YOUR INSTRUCTIONS: Starting at the first line of the data, print every line up to and including the one with "Kožený vícevrstvý náramek, symbol", but no pictures.

DATASET CONTENT:

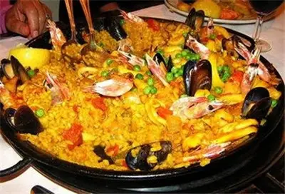 鸡腿3只、海虾100g、鲜贻贝300g、北极虾200g、香肠50g、甜椒240g、洋葱150g、大米300g、橄榄油、盐、黑胡椒、姜1块、白葡萄酒、姜黄
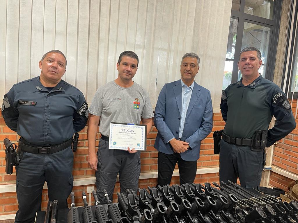 A solenidade de término do curso de armeiros ocorreu na Acadepol e contou com a presença do Diretor da DEIP, Coronel PM Massilon de Oliveira e Silva Neto( representando o Comandante-Geral da PMMS), do Comandante do Policiamento Metropolitano, Coronel PM Emerson de Almeida Vicente(que representou o Presidente do COISEC, Coronel PM Claudemir), e do Diretor da Acadepol, Delegado Devair Aparecido Francisco.
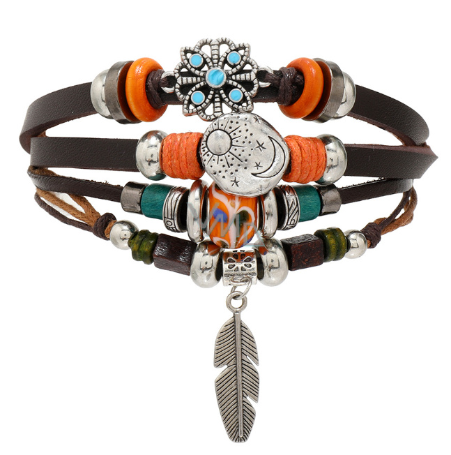 Kožený vícevrstvý náramek, symbol peříčko + měsíc / slunce, nastavitelná velikost
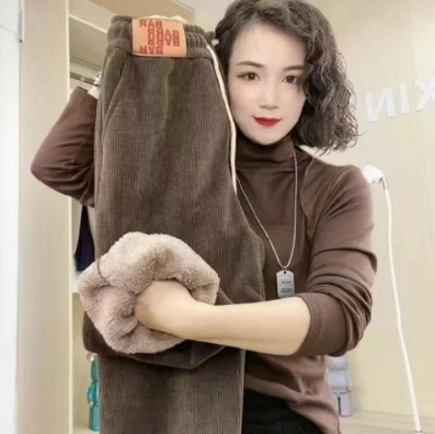 Celana katun beludru wanita, celana kecil lurus tebal berlapis bulu kasual pinggang tinggi ukuran ekstra besar musim semi dan musim gugur
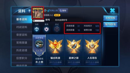 没有贵族标记的等级,最高也只是打到了钻石五,31个英雄,16个皮肤
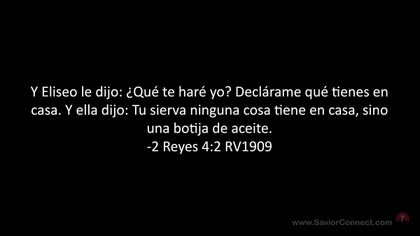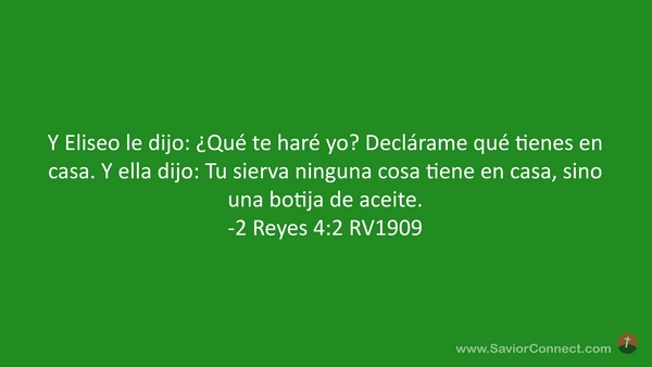 Y Eliseo le dijo: ¿Qué te haré yo? Declárame qué tienes en casa. Y ella dijo: Tu sierva ninguna cosa tiene en casa, sino una botija de aceite. -2 Reyes 4:2 RV1909
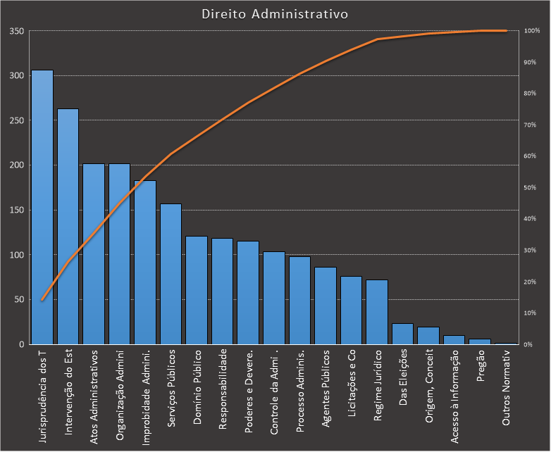 Para esta matéria nos baseamos neste caderno, contendo 345 questões. Usamos como filtro questões elaboradas pela banca CEBRASPE em concursos para autoridades da área jurídica. Como resultado temos o seguinte.
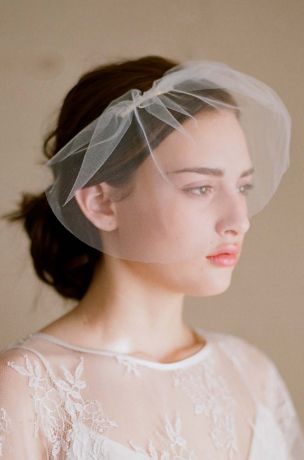 This hand-stitched mini tulle veil adds a bridal touch to any wedding look, whether you're saying "I do" in a jumpsuit or a gown.
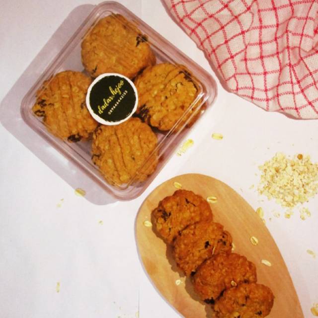 wohooo bayanginn crunchynya oatmeal with raisins dalam satu gigitan yang bisa dijadiin camilan pendamping kopi , susu , teh. cookies ini aman dikonsumsi oleh anak-anak juga loh !
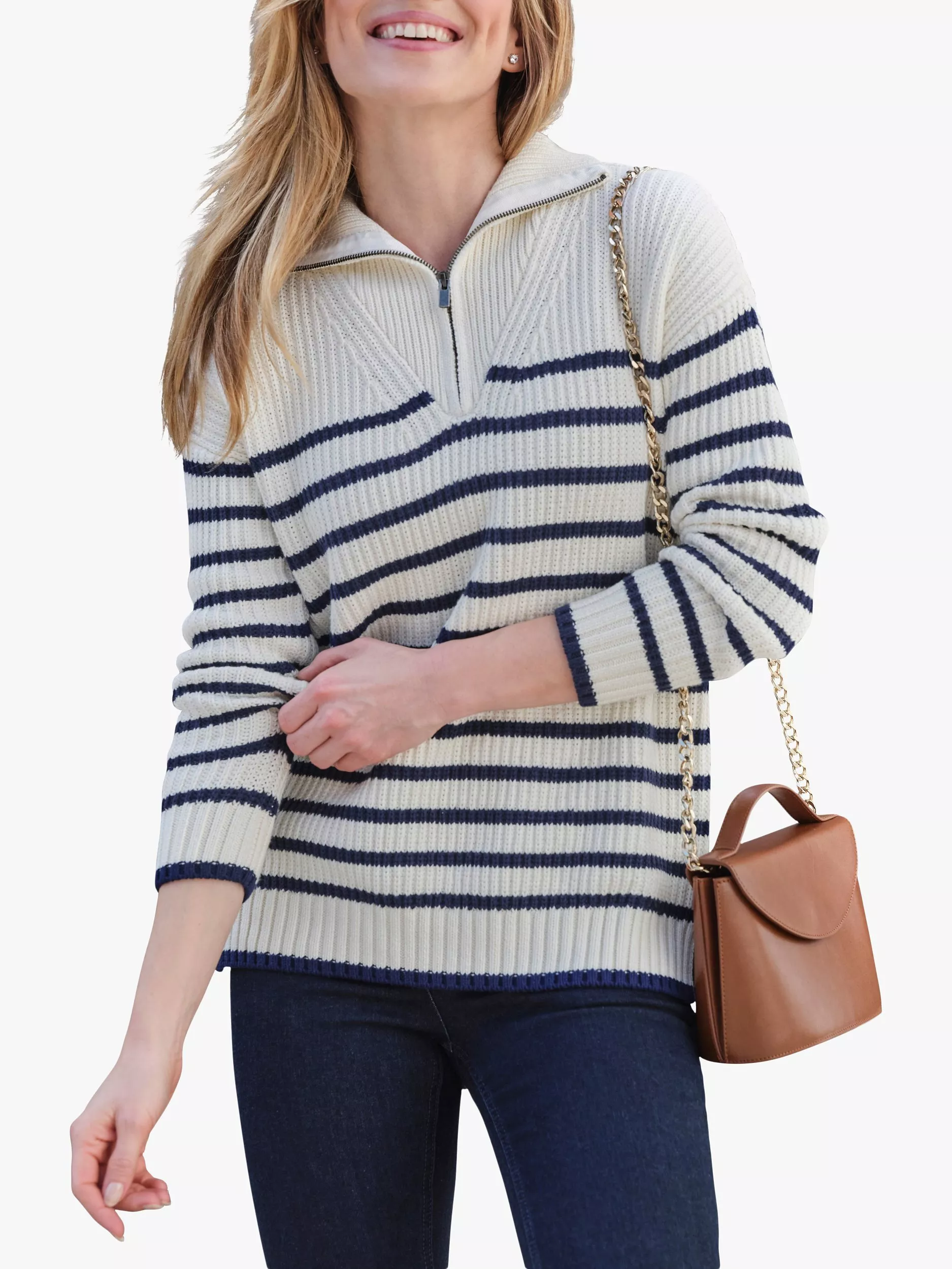 Pure CollectionZip Neck Stripe Jumper, Ivory/Navy
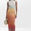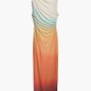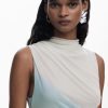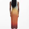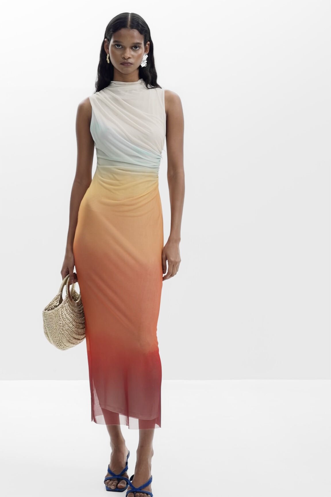 Midi dress in tulle, sleeveless, round neck and front draping with color gradient.
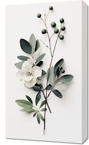 Obraz z serii wnętrza zatytułowany Papierowy Kwiat. Ten obraz przedstawia delikatną kompozycję wykonaną z papieru, która odwzorowuje naturę z zadziwiającą dokładnością. Wykwintna papierowa magnolia w towarzystwie subtelnego listowia i jagód, wszystkie w spokojnych, pastelowych tonach, tworzą obraz pełen elegancji i delikatności. Idealny dla przestrzeni, które cenią sobie minimalizm i spokój, jak skandynawskie wnętrza, pracownie projektowe czy przestrzenie relaksacyjne, gdzie taka forma sztuki może wprowadzić wyciszającą atmosferę i dodać wnętrzu subtelnej, artystycznej nuty.
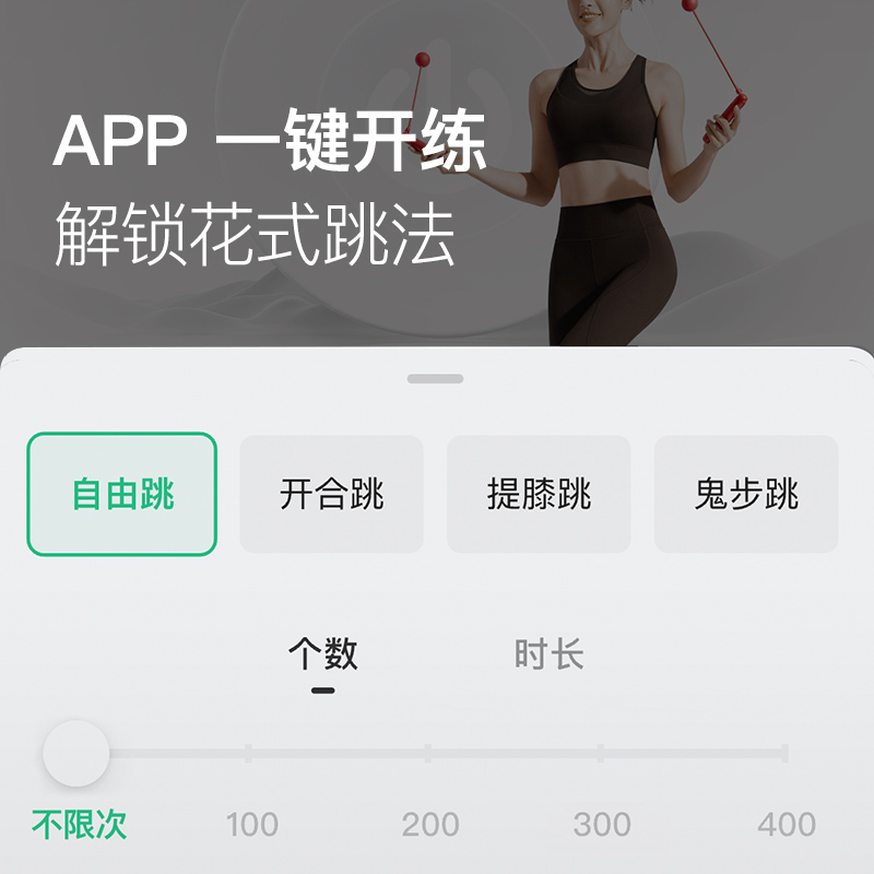 这是一款真正意义上的智能跳绳,可以跟课程、游戏进行联动,跳绳频率与音乐节奏合拍即可得分,挑战高分摆脱枯燥,轻松燃烧脂肪。室内室外模式可以切换,室内时可以换上无绳子球款,没有噪音不扰民。在室外的时候可以换上PVC绳款,采用三个高精度的霍尔传感器,精准传感检测,搭配智能互动芯片,顺滑度高,跳绳体验高更好。配置的锂电池具有超长续航能力,充满一次电可连续工作60天,待机长达180天。可以记录10位家庭成员数据,并进行绑定。

EXERCISE RESULT:
 鸡腿3只、海虾100g、鲜贻贝300g、北极虾200g、香肠50g、甜椒240g、洋葱150g、大米300g、橄榄油、盐、黑胡椒、姜1块、白葡萄酒、姜黄
 A solenidade de término do curso de armeiros ocorreu na Acadepol e contou com a presença do Diretor da DEIP, Coronel PM Massilon de Oliveira e Silva Neto( representando o Comandante-Geral da PMMS), do Comandante do Policiamento Metropolitano, Coronel PM Emerson de Almeida Vicente(que representou o Presidente do COISEC, Coronel PM Claudemir), e do Diretor da Acadepol, Delegado Devair Aparecido Francisco.
 Kožený vícevrstvý náramek, symbol peříčko + měsíc / slunce, nastavitelná velikost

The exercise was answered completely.